“All art is solitary and the studio is a torture area” – Alexander Liberman.
There is a certain type of melancholia about Giancarlo Erra’s Ends that has its roots in a very British and American form of ambient music. It is that rare thing that manages to capture the beauty and the sadness of a place, and Ends also offers the sense of memory and moments past that will never be recaptured.
“3” is the perfect start, although the sound borrows more from Philip Glass than it does the likes of Brian Eno. An arpeggiated synthesizer riff spiralling from major to minor chords is joined by a delicate string quartet that adds a certain amount of beatific grace to proceedings. Its as if the track is the opening theme to some imaginary film, and as it tumbles through your speakers, you begin to imagine it following some on-screen visuals. “2” captures the sound of loneliness, like the work of Harold Budd and John Foxx does, its spiralling piano notes giving the feeling of intellectual isolation and being alone among the beauty of nature at some desolate place. Again, the quartet adds an extra layer of despair to the piece, making the whole sound even more heart-wrenching and gives it a sense of longing.

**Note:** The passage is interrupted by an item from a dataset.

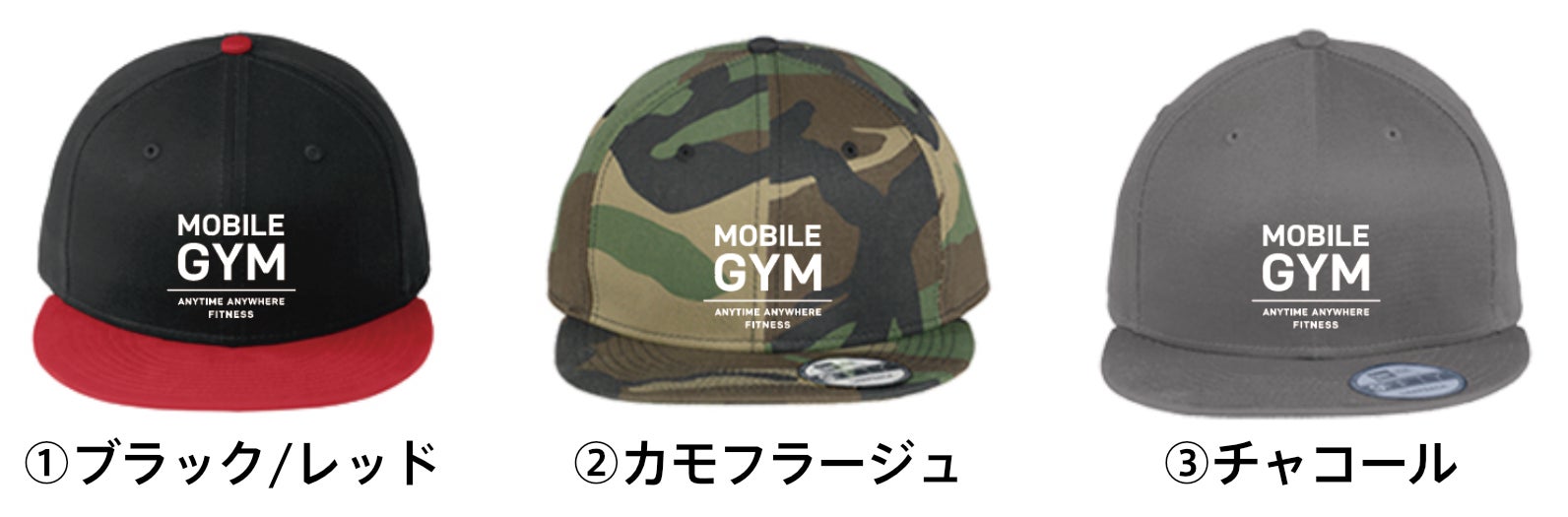 モバイルジムオリジナルTシャツをお送りします。①②③から1つお選びください。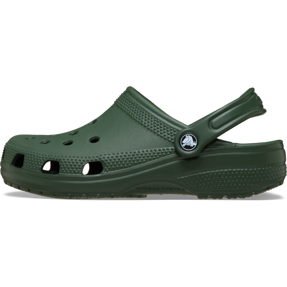 Discover the charm and comfort of the Crocs Field Green Classic Clog! Crafted from durable, lightweight material, this pair features a vibrant field green color with a sleek, slip-on design. Not only do they boast an easy-to-clean surface, but the roomy fit ensures day-long comfort for your child. Ideal for both indoor and outdoor activities, these sandals are perfect for little adventurers. Inner material: 100% Thermoplastic (EVA) Outer material: 100% Thermoplastic (EVA) Outsole material: 100% Thermoplastic (EVA)

“4” has lilting piano chords that take on an element of David Sylvian’s ambient work, and the dark sense of beauty shines through — and again a sense of longing. Then the piece takes off as the chords become powerful, but the strings lull them with a lullaby back to earth. It’s then that the quartet’s score makes them hover in the air slightly before the piano rejoins them. “6” has some soft pad synth sounds playing almost hymnal chords, while a choppy piano arpeggio proceeds over the top and draws you into its quiet world, one where you can ponder the meaning of existence as the strings add a frailness to the track. “Coda” finishes the album with some sad-sounding chords that are in a strange way uplifting as well. A slight pulsing rhythm adds a heartbeat to the piece, as again the strings layer the track in a world-weary ambience that fits the mood perfectly. Again, I could hear this as part of the soundtrack for a film like Baraka as it conjures these images to mind.